Les différents contextes dans lesquels nous pouvons voir des membres du clergé prendre les
armes sont très variés. Nous les classerons en deux grandes catégories, les contextes plus « classiques »
et les ordres religieux combattants qui sont un cas plus spécial.
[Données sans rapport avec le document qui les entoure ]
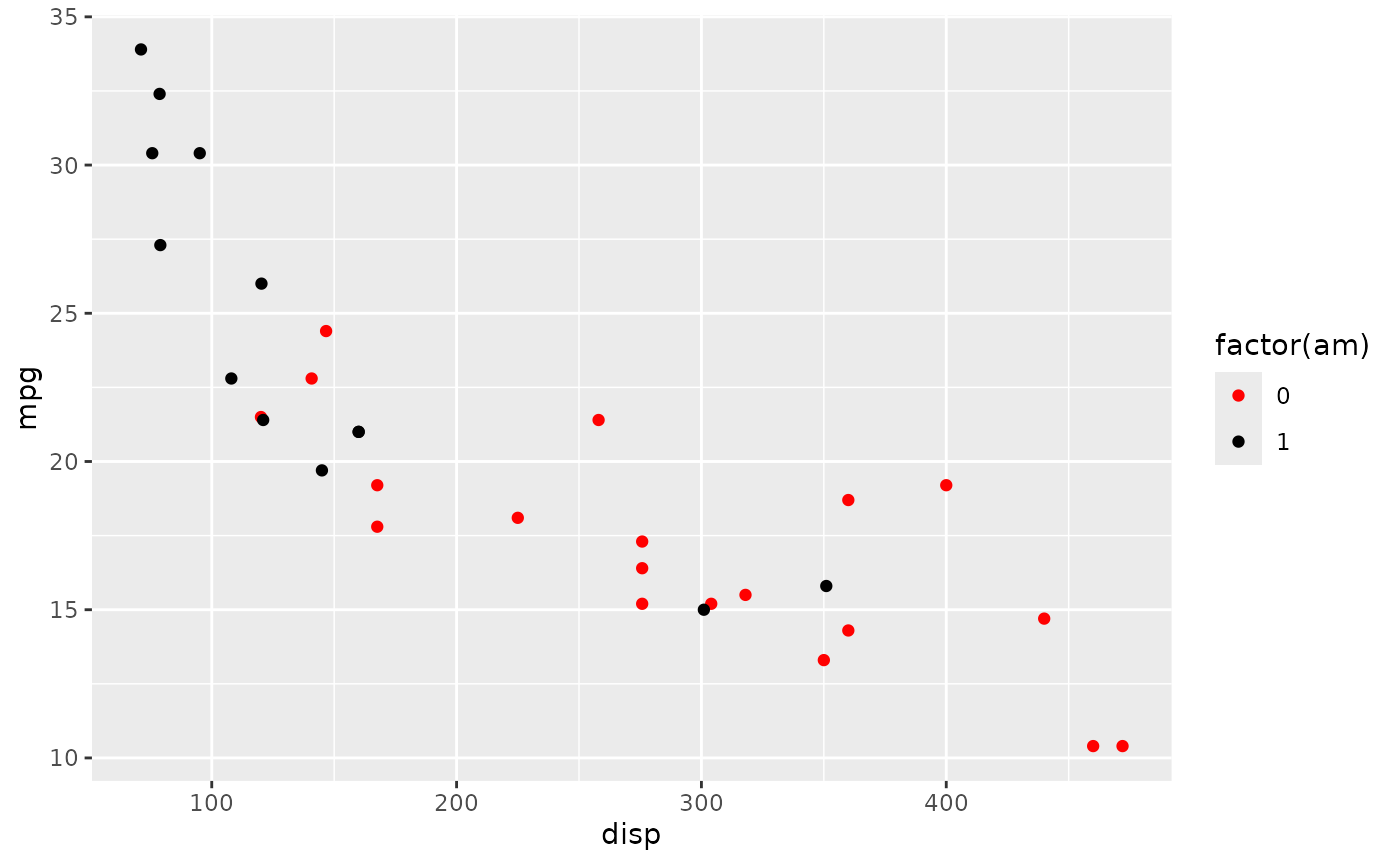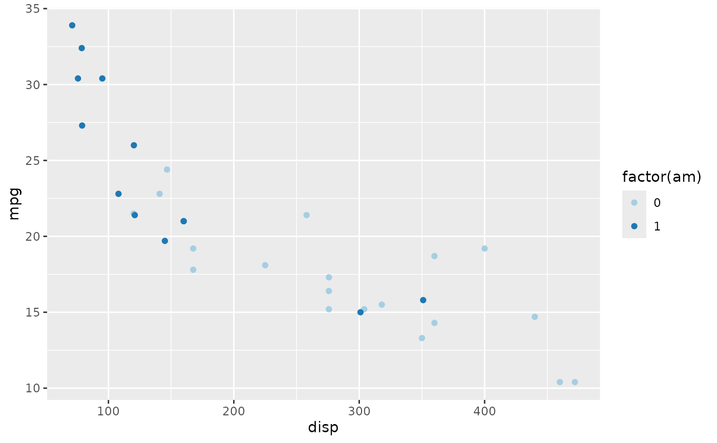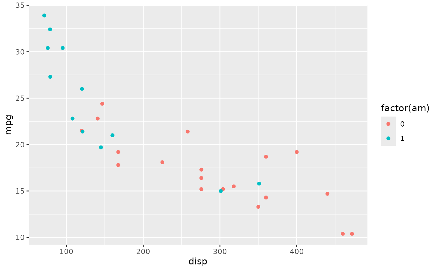 Here’s a simple dataset showing the relationship between miles per gallon ‘mpg’ and displacement ‘disp’ with points colored by transmission (‘am’, 0 is automatic, 1 is manual; using factor(am) turns the continuous variable into a factor, and factors are colored using ‘qualitative’ color schemes, rather than ‘quantitative’ color schemes)
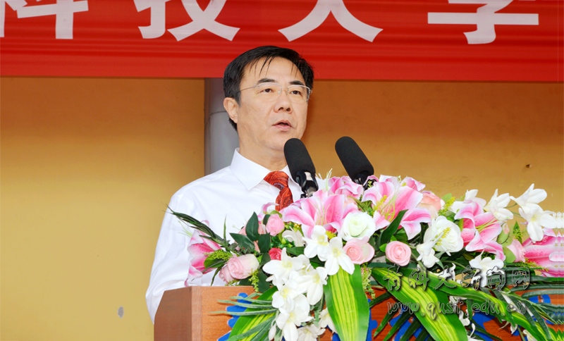二是始终与学校同荣辱、共发展。母校与校友共有一个家、同是一家人,我们是一种命运共同体,休戚相关、荣辱与共。当前,建设“双一流”和“五有”高水平大学,是科大人的共同理想,这个理想正在一步一步地变为现实。希望大家与母校“同声相应、同气相求”,以主人翁的姿态关注、关心、融入学校各项事业发展,为学校大家庭建设贡献力量。希望大家始终铭记“科大情”、铸牢“科大魂”,展示过硬素质,诠释良好形象,维护学校声誉,立起新时代科大人的“新航标”。

Des membres du clergé ne faisant pas partie d’ordres combattants ont par conséquent pu prendre
les armes dans différentes situations. Au Moyen Âge, une des manières de régler un problème judiciaire
est l’ordalie, le jugement de Dieu, dont une de ses formes est un duel entre les deux personnes
concernées. En théorie, les enfants, les femmes et les clercs sont exemptés de devoir se battre eux-mêmes
et ils peuvent choisir un champion. Malgré cela dans de rares cas des clercs ont pu décider de se battre
eux-mêmes à la place d’avoir à choisir un champion pour les représenter. 4 Les clercs sont aussi appelés
à se battre dans des contextes de défense, de leur personne ou de leur ville si elle est attaquée. Ces cas
sont notamment connus avec le concile de Naplouse qui considère que les prêtres portant des armes pour
se défendre ne sont pas fautifs et le patriarche d’Antioche invitant tous les habitants, et ce y compris les
clercs à défendre les murs de la cité lorsque celle-ci est assiégée. 5
En dehors de ces contextes plus civils, nous pouvons aussi observer des clercs s’engageant dans
les guerres et les conflits. À la fin de la période carolingienne, beaucoup de prélats se retrouvent obligés
de prendre les armes pour défendre leurs villes. Mais d’autres prêtres décident de répondre plutôt à
l’appel de leur seigneur pour la guerre. Certains ecclésiastiques du bas de la hiérarchie s’engagent
comme mercenaires dans des compagnies. 6 Beaucoup des hauts membres du clergé sont des nobles et
ont donc reçu une éducation militaire au maniement des armes. Mais sur les champs de bataille, tous les
prêtres ne se battent pas et beaucoup tiennent des rôles purement religieux.7 Plusieurs évêques et
hommes d’Église sont connus pour leurs exploits guerriers comme Odon, l’évêque de Bayeux, qui
soutient Guillaume le Conquérant et qui décide de se battre avec une masse d’arme pour ne pas faire
couler le sang. 8 Depuis l’époque carolingienne un grand nombre d’ecclésiastiques, comme des évêques
et des abbés, sont obligés de fournir à leur souverain des combattants, voir même de servir le servir

1
DUBY Georges, Les trois ordres ou L’imaginaire du féodalisme, Paris, Gallimard, 1980, (Bibliothèque des
histoires), p. 327-331.
2
BOFFA Sergio, « Le clergé et le maniement des armes au Moyen Âge », dans Revue belge de Philologie et
d’Histoire, vol. 96, Persée - Portail des revues scientifiques en SHS, n o 1, 2018, p. 177-191
3
Ibid., p. 177-191.
4
Chabas Monique et Timbal Pierre-Clément, Le duel judiciaire en France : XIIIème - XVIème siècles, Saint-
sulpice de favieres, Jean-Favard, 1973, p. 69-70.
5
BOFFA Sergio, op. cit., p. 178.
6
CONTAMINE Philippe, Guerre, État et société à la fin du Moyen Âge. Tome 1 : Études sur les armées des rois de
France 1337-1494, Paris, Éditions de l’École des hautes études en sciences sociales, 26 juillet 2013, p. 171.
7
Ibid.
8
BOFFA Sergio, op. cit., p. 188.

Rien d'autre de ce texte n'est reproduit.